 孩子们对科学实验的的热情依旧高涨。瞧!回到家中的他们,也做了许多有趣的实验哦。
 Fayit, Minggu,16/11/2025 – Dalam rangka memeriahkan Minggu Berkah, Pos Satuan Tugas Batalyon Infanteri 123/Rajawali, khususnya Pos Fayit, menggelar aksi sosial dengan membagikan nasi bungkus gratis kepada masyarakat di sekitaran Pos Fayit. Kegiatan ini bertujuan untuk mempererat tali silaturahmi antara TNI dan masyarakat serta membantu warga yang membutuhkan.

========

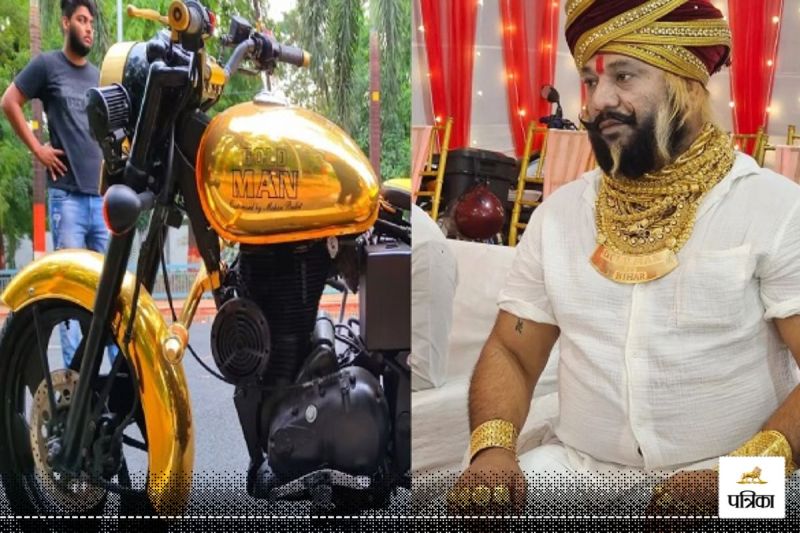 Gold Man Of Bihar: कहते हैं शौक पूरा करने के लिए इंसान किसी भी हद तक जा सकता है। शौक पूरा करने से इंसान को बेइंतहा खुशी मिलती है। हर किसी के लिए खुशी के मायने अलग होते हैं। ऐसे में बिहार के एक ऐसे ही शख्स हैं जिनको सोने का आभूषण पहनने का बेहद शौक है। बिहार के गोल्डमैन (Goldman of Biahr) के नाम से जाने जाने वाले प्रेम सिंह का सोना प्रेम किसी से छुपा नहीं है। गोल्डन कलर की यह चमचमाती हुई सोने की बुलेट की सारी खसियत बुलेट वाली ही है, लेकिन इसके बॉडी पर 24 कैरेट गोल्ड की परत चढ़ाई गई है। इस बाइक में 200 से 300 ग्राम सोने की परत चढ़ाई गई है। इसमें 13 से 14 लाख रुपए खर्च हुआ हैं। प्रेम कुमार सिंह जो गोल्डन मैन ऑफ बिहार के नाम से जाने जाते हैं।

========

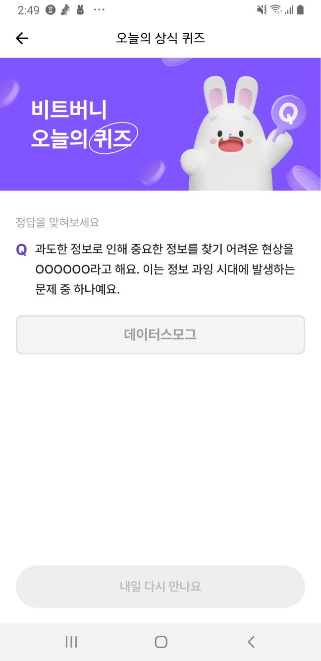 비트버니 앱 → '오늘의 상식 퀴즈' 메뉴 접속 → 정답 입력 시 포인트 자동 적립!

========

◆ TRY IT ◆
From the line holding "孩子们对科学实验的的热情依旧高涨。瞧!回到家中的他们,也做了许多有趣的实验哦。" to the line holding "Fayit, Minggu,16/11/2025 –", inclusive, restate each line above exactly as written.

◆ YOUR SOLUTION ◆
 孩子们对科学实验的的热情依旧高涨。瞧!回到家中的他们,也做了许多有趣的实验哦。
 Fayit, Minggu,16/11/2025 – Dalam rangka memeriahkan Minggu Berkah, Pos Satuan Tugas Batalyon Infanteri 123/Rajawali, khususnya Pos Fayit, menggelar aksi sosial dengan membagikan nasi bungkus gratis kepada masyarakat di sekitaran Pos Fayit. Kegiatan ini bertujuan untuk mempererat tali silaturahmi antara TNI dan masyarakat serta membantu warga yang membutuhkan.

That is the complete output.